## Exercise aim
Please give the whole listing again word for word, and drop any pictures it holds.

## Information provided
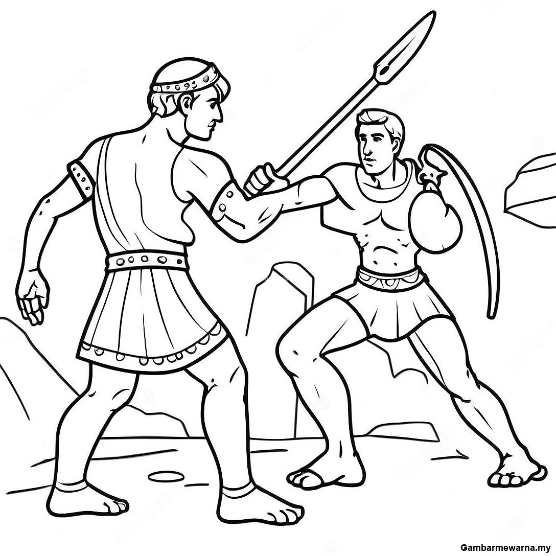 Halaman Mewarna David Yang Berani Menghadapi Goliath
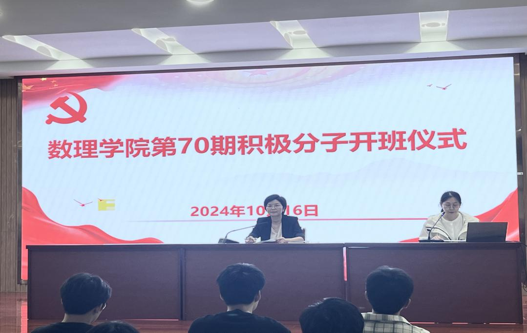 10月16日,数理学院在I401举行第70期入党积极分子培训班开班仪式。数理公司党委副书记、纪委书记彭芳珍、员工党支部书记和第70期108名入党积极分子参加开班仪式。
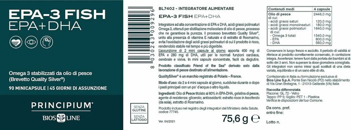 БАД Bios Line EPA-3 Fish — это высококачественный источник омега-3 жирных кислот, который поддерживает здоровье сердечно-сосудистой системы. В каждой упаковке содержится 90 мини-капсул, что обеспечивает удобство в использовании и дозировке.
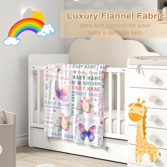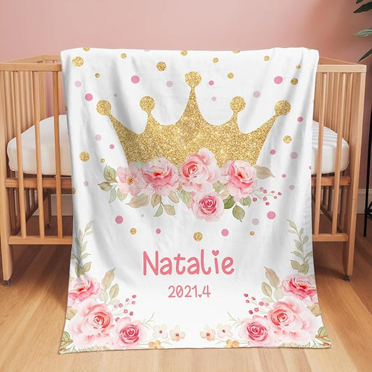 Ship Next Day, Custom Blanket with Name - Printed in USA, Personalized Baby Blankets for Girls, Ultra-Soft Cozy Fleece Blankets, Christmas Birthday Gifts for Boys & Girls Kids Teen Girl

## Task result
 Halaman Mewarna David Yang Berani Menghadapi Goliath
 10月16日,数理学院在I401举行第70期入党积极分子培训班开班仪式。数理公司党委副书记、纪委书记彭芳珍、员工党支部书记和第70期108名入党积极分子参加开班仪式。
 БАД Bios Line EPA-3 Fish — это высококачественный источник омега-3 жирных кислот, который поддерживает здоровье сердечно-сосудистой системы. В каждой упаковке содержится 90 мини-капсул, что обеспечивает удобство в использовании и дозировке.
 Ship Next Day, Custom Blanket with Name - Printed in USA, Personalized Baby Blankets for Girls, Ultra-Soft Cozy Fleece Blankets, Christmas Birthday Gifts for Boys & Girls Kids Teen Girl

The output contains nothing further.